Drug treatment options in Bennington County falling short


Editor's note: This is the first of three stories about drug addiction treatment options available in Bennington County.

BENNINGTON -- Local officials and doctors are recognizing the need for more accessible drug addiction treatment options in Bennington County.

Over the past year, more than 60 people have been arrested in drug sweeps carried out in and around Bennington.

The vast majority of those apprehended were not only dealers, but users as well, selling drugs to fund their addictions, according to authorities.

With Bennington County's drug epidemic widely recognized throughout the state, the importance of immediate treatment and rehabilitation options for users remains a priority for local law enforcement officials, doctors, and mental health professionals.

United Counseling Service is one of a handful of options available locally to addicts, according to Ralph Provenza, the agency's executive director.

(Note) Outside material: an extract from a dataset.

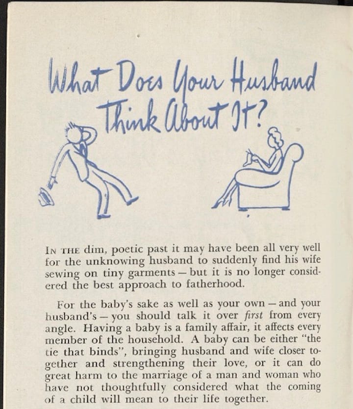 Indeed, one pamphlet describes healthy, safe childbirth as “the most important single job of your life.” It also dictates that women hoping to be mothers first consult their husbands and their doctors, and also maintain a strict daily diet (which includes the note, “three or four cigarettes a day are enough for a pregnant woman”). And there’s the handy tip that a maternity corset or brassier can help you “regain your figure after the baby arrives.”
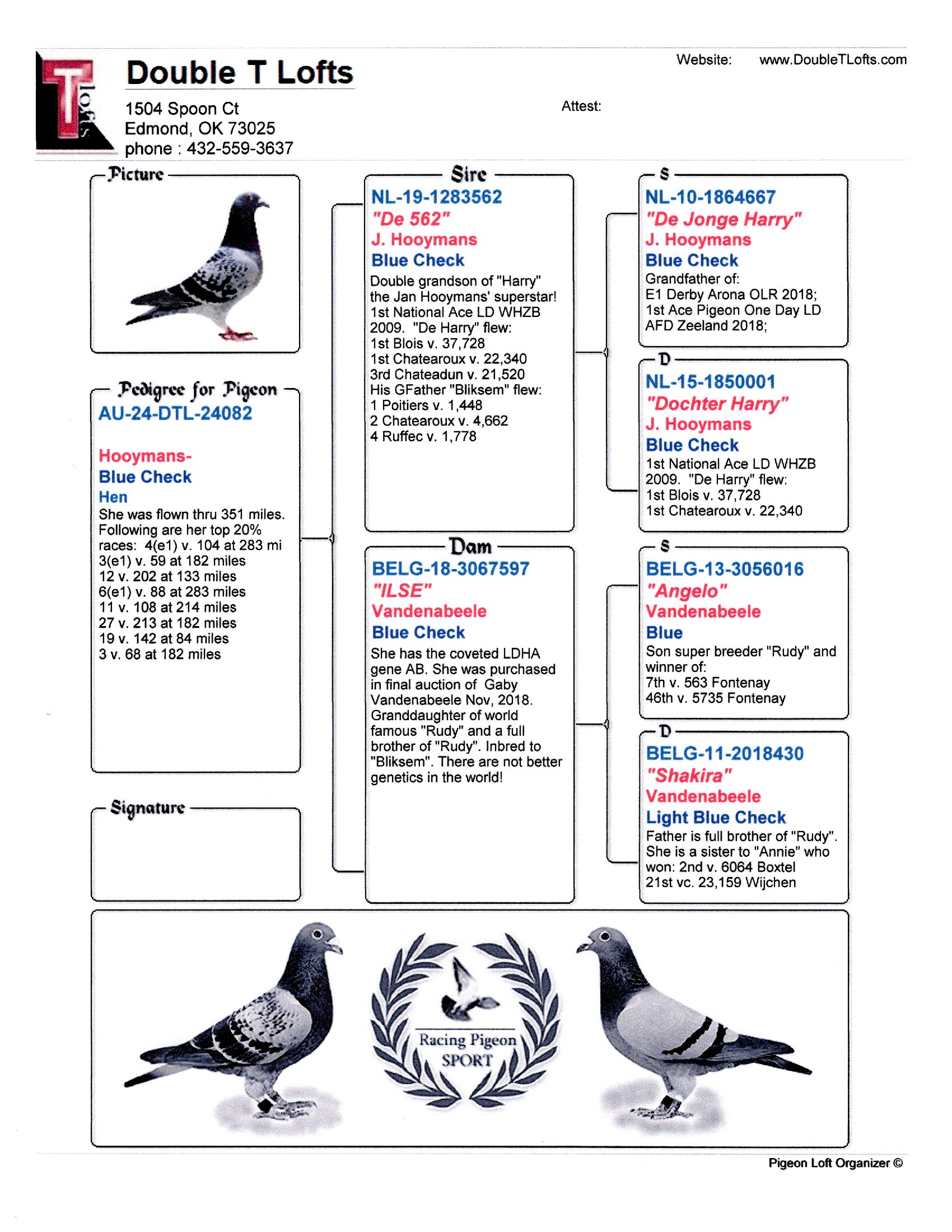 AU-24-DTL-24082 BC - This is a super nice hen that is larger than medium. She has a very good back, tight vents and 1-pin tail. She flew well and following are her top 20% races:

Provenza said Friday that there are over 250 people currently being treated for opiate replacement therapy throughout the county and through UCS satellite facilities, as well as an additional 410 substance abuse clients currently enrolled in their system.

He noted that UCS provides various means of support for individuals addicted to drugs, including group and individual counseling, but that the extent of its services is only "scratching the surface."

"Clearly there are more people that could use our services that we are not able to reach and there are also services we'd like to provide but can't based on our funding," he said, "But substance abuse is a very large and active part of our organization."

UCS currently runs 10 substance abuse counseling groups between its Manchester and Bennington offices, according to Provenza.

UCS Substance Abuse Services Manager Paul DiIonno said that, unlike 10 or 15 years ago, there is no longer a waiting list for individuals seeking treatment.

"If you call for treatment, you will be seen within a few days," he said. "The challenge really has to do with the availability of groups, availability of treatment when you need it, and perhaps location."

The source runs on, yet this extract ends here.